Other ccTLDs have developed their own dispute resolution policies. Nominet administers the .uk Dispute Resolution Service (DRS) under its own policy (the Nominet DRS Policy) rather than the UDRP. The Czech Arbitration Court runs the ADR procedure for .eu. Australia's auDRP (.au Dispute Resolution Policy) is modeled on the UDRP with Australia-specific modifications, and China's CNNIC applies its own CNDRP (China Internet Network Information Center Domain Name Dispute Resolution Policy) to .cn.
For brand owners enforcing across multiple ccTLDs, the procedural variation means that a single enforcement strategy won't work everywhere. A complaint that succeeds under the UDRP for a .com domain may need to be restructured or re-argued under a different policy for a ccTLD in the same case. Identifying which dispute resolution mechanism applies to each ccTLD is the first step in any cross-border enforcement campaign.
The Trademark Clearinghouse
ICANN established the Trademark Clearinghouse (TMCH) as part of the new gTLD program to help trademark owners protect their marks during the launch of new extensions. The TMCH provides two primary services.
Sunrise registration allows trademark owners who have registered their marks in the TMCH to register domain names matching their marks during a sunrise period before a new gTLD opens to general registration. Sunrise periods typically run for at least 30 days before public registration begins, giving trademark owners a first-mover advantage.
Trademark claims notifications alert trademark owners when someone registers a domain name in a new gTLD that matches a mark recorded in the TMCH. During the trademark claims period (at least the first 90 days after a new gTLD launches), any applicant attempting to register a matching domain receives a notice that the mark is recorded in the TMCH, and the trademark owner receives a notice that the registration occurred.
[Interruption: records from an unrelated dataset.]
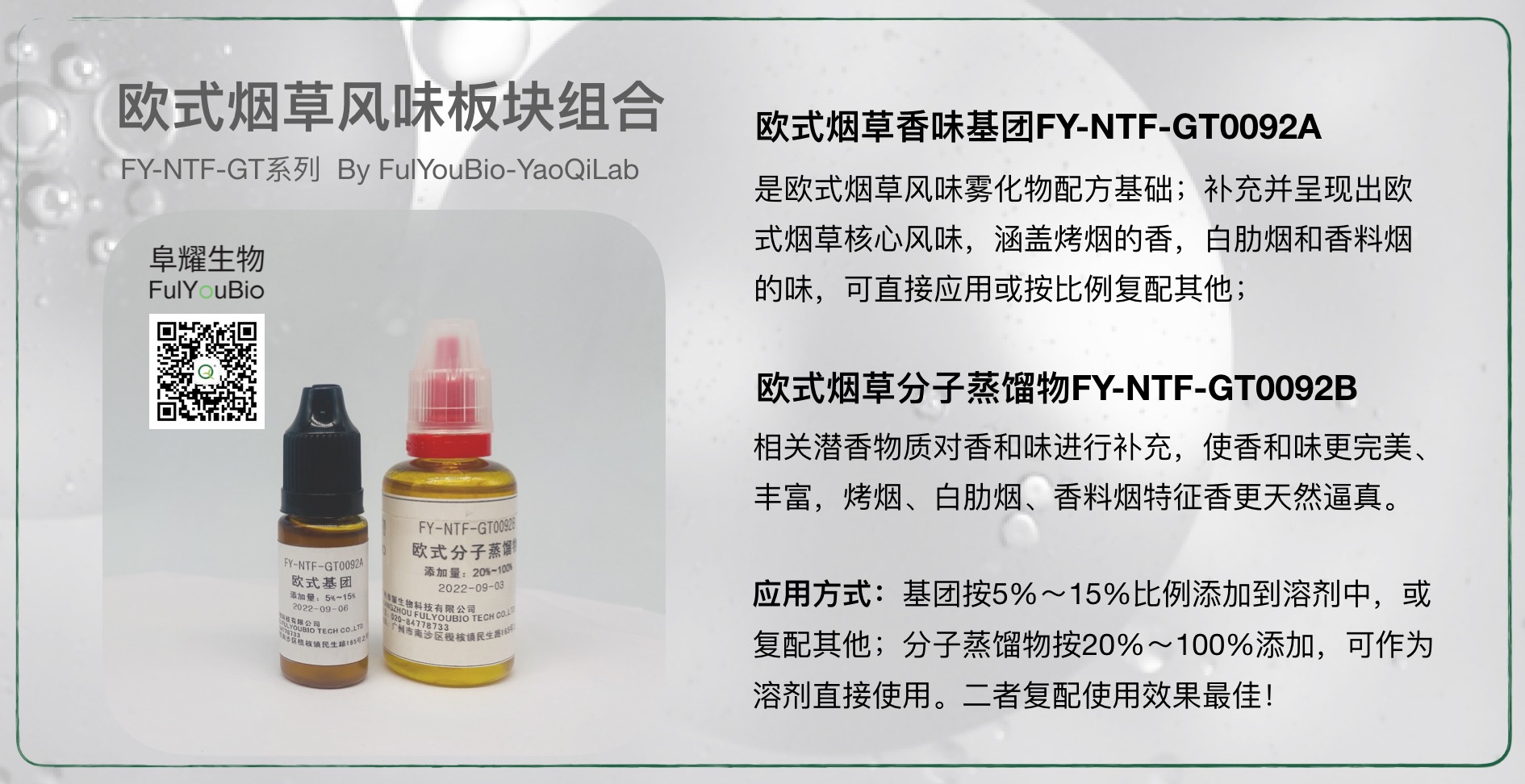 伴随全球电子烟产业逐步进入规范化发展阶段,各国加速电子烟国标管理进程,在风味管控等细节管理上更加清晰、专注,针对行业趋势及各品牌企业产品应用需求,推出“烟草风味系列”雾化物专用香味基团和分子蒸馏物板块材料,帮助企业/品牌掌握雾化物自主研发和配方管控,赢得新一轮市场竞争主动权:
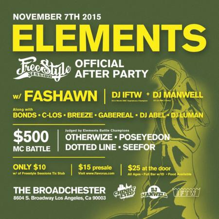 Elements returns for one night only as the official Freestyle Session after party. On the 1’s and 2’s will be D.j. Bonds Deejay Breeze Abel Sisneros Gabe Real Luis LuMan Robles Carlos C-Los Menendez. There will be an 8 man, $500 MC battle! A special set by 2014 World DMC Supremacy Champion DJ IFTW and 3 X LA DMC Champ DJ Manwell. Headlining the night will be Cali’s own Fashawn! ONLY $10 with proof of Freestyle Session Tix Stub. $15 PRESALE tix at www.flavorus.com. $25 at the door.
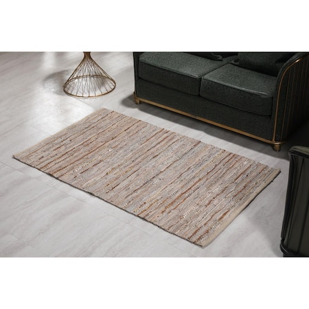 3'x5' Handwoven Beige Leather/Cotton Rug with Metallic Leather

TMCH doesn't prevent cybersquatting, but it provides early warning and a first-mover registration opportunity. Brand owners with significant trademark portfolios should evaluate whether TMCH registration is worthwhile for their core marks, particularly as ICANN's next round of new gTLD applications approaches.
Practical Considerations for Multi-TLD Enforcement
Prioritize by commercial risk. You can't enforce everywhere simultaneously, and not every infringing registration warrants the same response. A domain in .com that hosts a phishing page targeting your customers is a higher priority than a domain in .xyz that resolves to a blank parking page. Focus enforcement resources on the registrations that create the most immediate harm.
Match the tool to the TLD. Use the UDRP for .com, .net, .org, and ccTLDs that have adopted it. Use the URS for new gTLDs when the facts support the higher evidentiary standard and suspension is an adequate remedy. Use ACPA litigation when you need damages, injunctive relief, or the ability to address a pattern of cybersquatting across multiple TLDs in a single proceeding.
Monitor new gTLD launches. When a new extension launches that's relevant to your industry (.shop for retailers, .tech for technology companies, .health for healthcare providers), register your core marks during the sunrise period and monitor general registration for infringing domains during the trademark claims period.
Coordinate defensive registration across TLDs. Registering your brand in every available extension isn't practical (at 1,200+ gTLDs, the cost and administrative burden are prohibitive), but registering in the extensions most likely to be targeted, the major commercial gTLDs (.com, .net, .org, .co, .shop, .online, .app) plus any industry-specific extensions, is a cost-effective layer of protection.
Track your enforcement history. UDRP and URS decisions are published and searchable. A consistent record of successful complaints across multiple TLDs builds a body of precedent that makes future complaints more predictable and may deter cybersquatters who check the complaint history before registering.